- _YOUR GOAL_:
Could the data below be copied exactly, minus the pictures?

- _DATA EXTRACT_:
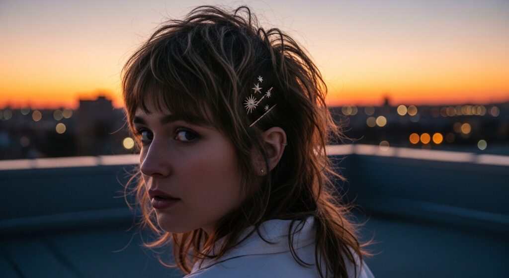 Accessorized Clips and Pins: This is one of the biggest trends. Style your hair in simple waves or a clean updo, then adorn it with decorative clips, pearls, or geometric pins. You can spell out “love” or just create a sparkling constellation in your hair.
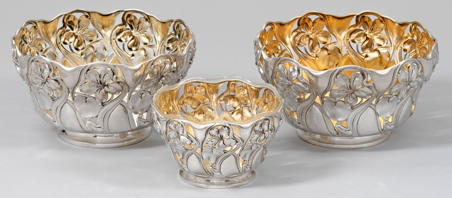 Silber und Glas. Runder, gering vertiefter Standring, übergehend in hohe, ornamental durchbrochene Wandung mit reliefplastisch getriebenem Dekor aus Irisblüten und -blättern, umgeben von fließenden Blütenstängeln. Innen teilw. vergoldet. Kleine Schale mit Glaseinsatz mit passig geschweiftem Rand und Schliffdekor. Minim. Gebrauchsspuren. Gest. 800, 333, Herstellerzeichen, teilw. Händlermarke Friedländer. Gew. ca. 1255 g (ohne Glaseinsatz). H. 8,5 cm - 12 cm. D. 14,5 cm - 21 cm.
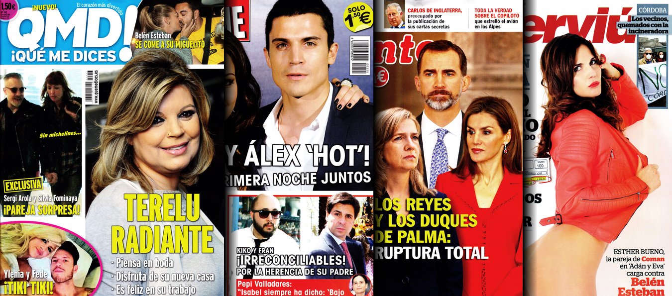 Portadas de las revistas QMD, Sálvame, Pronto e Interviú.

- _FINISHED TASK_:
 Accessorized Clips and Pins: This is one of the biggest trends. Style your hair in simple waves or a clean updo, then adorn it with decorative clips, pearls, or geometric pins. You can spell out “love” or just create a sparkling constellation in your hair.
 Silber und Glas. Runder, gering vertiefter Standring, übergehend in hohe, ornamental durchbrochene Wandung mit reliefplastisch getriebenem Dekor aus Irisblüten und -blättern, umgeben von fließenden Blütenstängeln. Innen teilw. vergoldet. Kleine Schale mit Glaseinsatz mit passig geschweiftem Rand und Schliffdekor. Minim. Gebrauchsspuren. Gest. 800, 333, Herstellerzeichen, teilw. Händlermarke Friedländer. Gew. ca. 1255 g (ohne Glaseinsatz). H. 8,5 cm - 12 cm. D. 14,5 cm - 21 cm.
 Portadas de las revistas QMD, Sálvame, Pronto e Interviú.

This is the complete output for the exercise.